Comentário

Carlos Fiolhais

A floresta e a cultura

Quando penso em florestas, para além de pensar em ambiente e em saúde, penso em cultura. Os livros ilustram bem a relação entre a floresta e a cultura.

A relação entre a floresta e a cultura nem sempre é reconhecida, mas ela é inequívoca. Começo por recordar o astrofísico norte-americano Carl Sagan, um dos maiores divulgadores de ciência de sempre, que escreveu no capítulo “A Persistência da Memória” do seu livro Cosmos, publicado no original em 1982 (Gradiva, 2001): “O livro é feito de uma árvore. É um conjunto de partes lisas e flexíveis (ainda chamadas folhas) impressas em caracteres de pigmentação escura. Dá-se uma vista de olhos e ouve-se a voz de outra pessoa, talvez alguém que já tenha morrido há milhares de anos. Através dos milénios, o autor está a falar, clara e silenciosamente, dentro da nossa cabeça, directamente para nós. A escrita foi talvez a maior das invenções humanas, ligando as pessoas, cidadãos de épocas distantes que nunca se conheceram. Os livros quebram as cadeias do tempo, provam que os seres humanos são capazes de exercer magia.”

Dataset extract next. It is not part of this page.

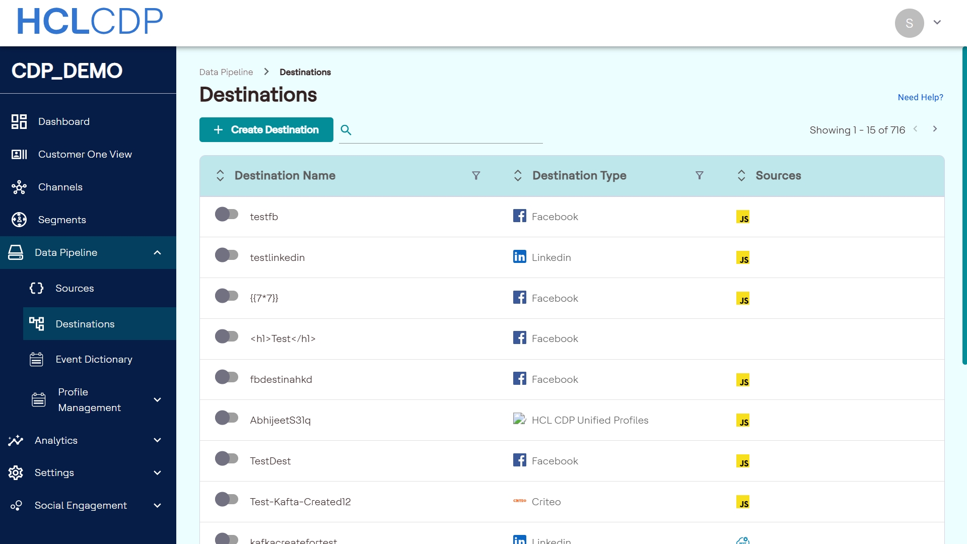 A destination in HCL CDP (Customer Data Platform) refers to a pre-built integration that allows seamless delivery of event data to various platforms. These events can be utilized on the integrated platforms for purposes such as marketing, analytics, or other operational needs.

É, de facto, verdade: quando leio o Cosmos estou a ligar-me a um físico já falecido, oficial do meu ofício que deixou de o exercer. Mas a sua mensagem passou inteiramente para mim.

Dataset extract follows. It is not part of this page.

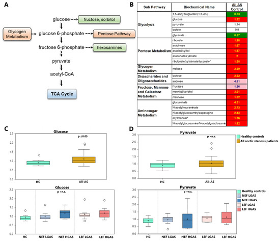 Sugar metabolites in AS and healthy controls. (A) Illustration of glucose utilization pathways for energy production via TCA cycle including glycolysis, pentose phosphate pathway (PPP), and hexosamine biosynthetic pathway. (B) List of altered metabolites. Significantly up- and downregulated molecules are marked in red and green, respectively. Values marked in light red indicate a trend towards statistical significance (0.05 < p < 0.10). Non-colored values are not significantly different for that comparison. Numbers indicate x-fold increase/decrease in concentration. * p ≤ 0.05. (C) Glucose as an example between All-AS vs. controls as well as the different AS subgroups. (D) Pyruvate as an example between All-AS vs. controls as well as the different AS subgroups. On each box, the black cross indicates the mean value, the borders and segmentation indicate limits of upper/lower quartile and median values. Outliers are plotted as circles. n.s.: not significant between AS subgroups.

Da ligação entre a floresta e a cultura nasce outra a ligação, entre pessoas e ideias. Mediada pelo papel, designadamente em livros que perduram, esta ligação resiste à passagem do tempo.

Quando penso em árvores, penso na possibilidade de delas surgirem livros e na capacidade prodigiosa que esse meio tem de ligar seres humanos de todos os tempos da história.

Uma árvore dá, de facto, mais do que um livro. Usando as ordens de grandeza de que os físicos tanto gostam corresponde a cerca de cem livros. Dez árvores dão uma edição de mil exemplares e mil árvores dão uma edição de dez mil exemplares: um best-seller entre nós, nos tempos que correm.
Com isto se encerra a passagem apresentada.